クライオが900百万ドルの資金を調達し、AIを活用して法務テックを革新
カナダの法務ソフトウェア企業クライオが設立16周年を迎え、SiriーズFの資金調達ラウンドで900百万ドルを確保したと発表しました。この投資はニューロエンタープライズアソシエイツ(NEA)主導で行われ、同社の評価額は30億ドルに達し、クラウド法務テクノロジー分野では最大規模の取引となります。クライオは、この資金をAIによる技術強化と新市場への拡大に活用する予定です。現在、クライオは130カ国以上で15万人以上のユーザーにサービスを提供しており、その大多数は米国に拠点を置いています。
「私たちはワークフローを大幅に簡素化し、1つのシステムに統合することができます」と、クライオのCEO兼創業者であるジャック・ニュートン氏はメディアインタビューで語りました。「私たちは、法務事務所が信頼できる真実の情報源として利用できる集中管理された安全なシステムを提供しています。」
SiriーズFラウンドには、ゴールドマンサックスアセットマネジメント、シックススティートグロース、キャピタルG、タイドマークなどが投資し、既存の株主であるTCVやJMIエクイティも参加しました。
AIと統合ソリューションによるイノベーション
クライオはAIおよび統合法務決済ソリューションへの投資を優先しています。同社は最近、弁護士が日常業務を効率化し、分析を通じてプラクティスマネジメントを向上させるための生成AIツール「クライオデュオ」を発表しました。このツールには、法廷発見のための監査ログ機能も含まれており、法務業務の改善に寄与します。
「私たちはAIに全力で取り組んでいます」とニュートン氏は強調しました。「AIを製品の様々な部分に統合しています。私たちのAIへの投資は1年半以上前から始まり、2022年11月のChatGPTの登場によって顧客の関心が高まりました。」
ニュートン氏は、AIが弁護士の役割を奪う可能性について懸念を示す声もあると認識しつつ、AIは弁護士の生産性を高め、77%の法的問題が未解決の状態にある「正義のギャップ」に対処することを目指していると述べました。また、クライオは事務所の財務管理のための「クライオ会計」や、個人傷害の弁護士向けの迅速な和解見積もりを提供する特別なモジュールも提供しています。さらに、「クライオドラフト」を使ったインテリジェントな文書自動化や電子法院提出サービスも充実しています。
セキュリティへのコミットメント
法務分野では機密保持が不可欠であるため、クライオはセキュリティを最優先事項としています。最近のクラウドサービスの障害により、外部プロバイダーへの依存に対する懸念が高まっていますが、ニュートン氏はクライオのセキュリティへの強固なコミットメントをユーザーに保証しています。

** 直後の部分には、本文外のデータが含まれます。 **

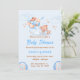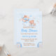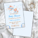 Este convite de chá de bebê apresenta um design suave e pastel com um ursinho de pelúcia fofo flutuando entre balões azuis e marrons. Rodeado por nuvens e estrelas, o ursinho cria uma atmosfera sonhadora e caprichosa. Arcos azuis decoram os cantos inferiores, adicionando um toque divertido ao convite.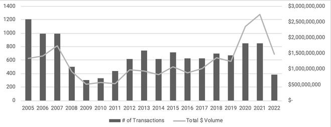 The vacant land segment of the market incurred the largest drop in transactions, down 70% compared to 2021. The total dollar volume dropped over 60% compared to 2021 and is on par with the volume seen in 2019. Thanks to several ultra-high-dollar land sales, the average and median sale prices experienced robust increases, up 28% and 13% respectively. Inventory for vacant land increased modestly, up about 20% from the previous year.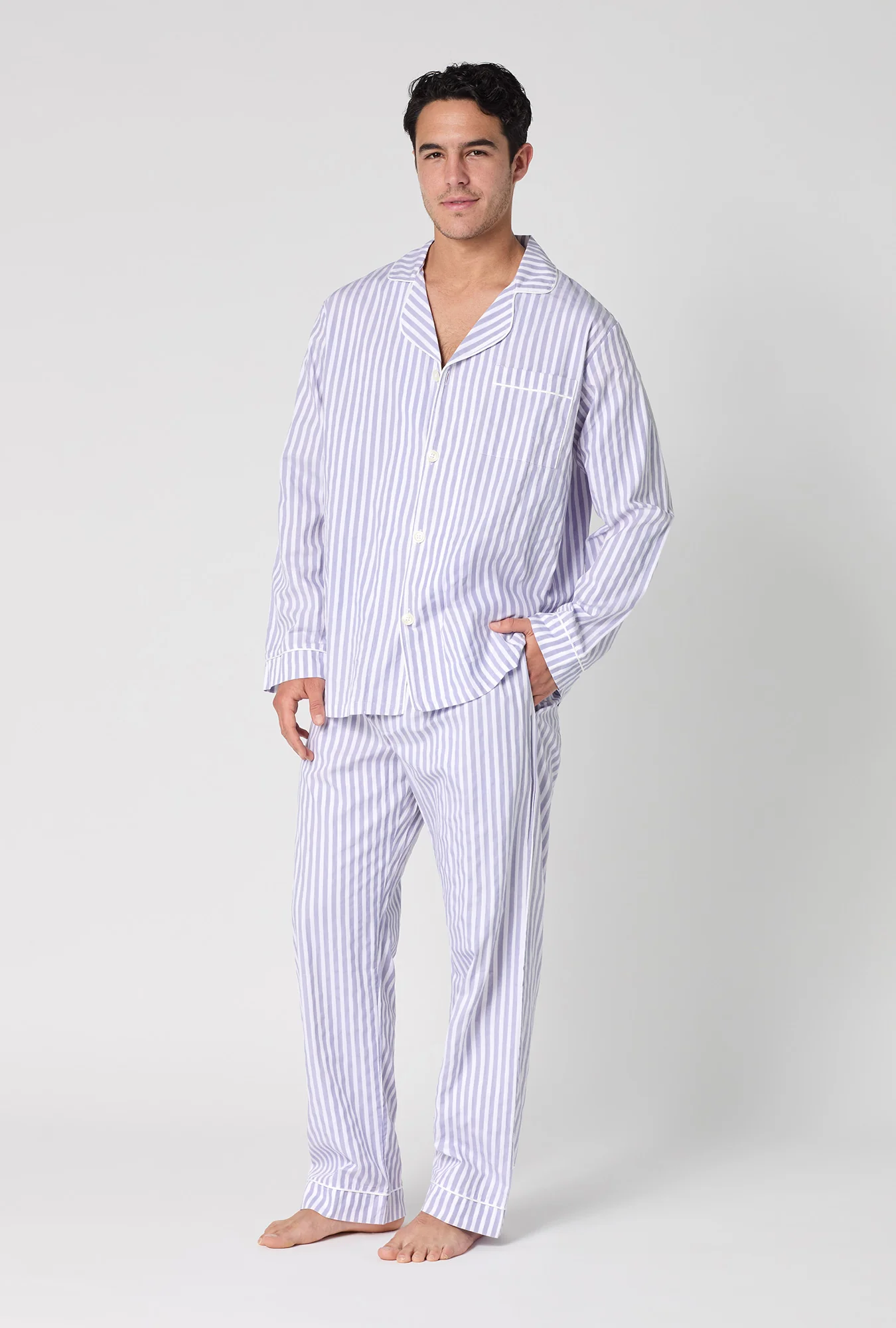 Blue 3D Stripe Men's Long Sleeve Classic Woven Cotton Sateen PJ Set

「私たちはセキュリティとコンプライアンスに多大な投資を行い、競合他社を上回る専任のセキュリティチームを運営しています」とニュートン氏は述べました。「これにより、HIPAA規制を受ける顧客に安心を提供できます。」
驚異的な成長の軌跡
2021年4月のSiriーズE資金調達で1億1000万ドルを調達して以来、クライオは年次定期収入(ARR)が2億ドルを超えるなど、驚異的な成長を遂げています。2022年には決済事業を立ち上げ、年数十億ドルの法的取引を処理しています。また、クライオの従業員数は1100人を超え、製品開発、研究開発、顧客成功へのコミットメントを強化しています。
2008年からのイノベーション
クライオは2008年の設立以来、法務テクノロジーの分野に多大な影響を与えてきました。独立した専門家や小規模事務所を支援することを目指し、ジャック・ニュートン氏とリアン・ゴーブロウ氏は法務実務をクラウドへ移行しました。クライオはこれまでに10回のクライオクラウドカンファレンスを開催し、32回のレイズマン賞を授与し、7回の法的トレンドレポートを発表しました。100を超える弁護士協会や法学会から支持されており、学術アクセスプログラムを通じて200以上の教育機関の55,000人以上のユーザーに無料でソフトウェアを提供しています。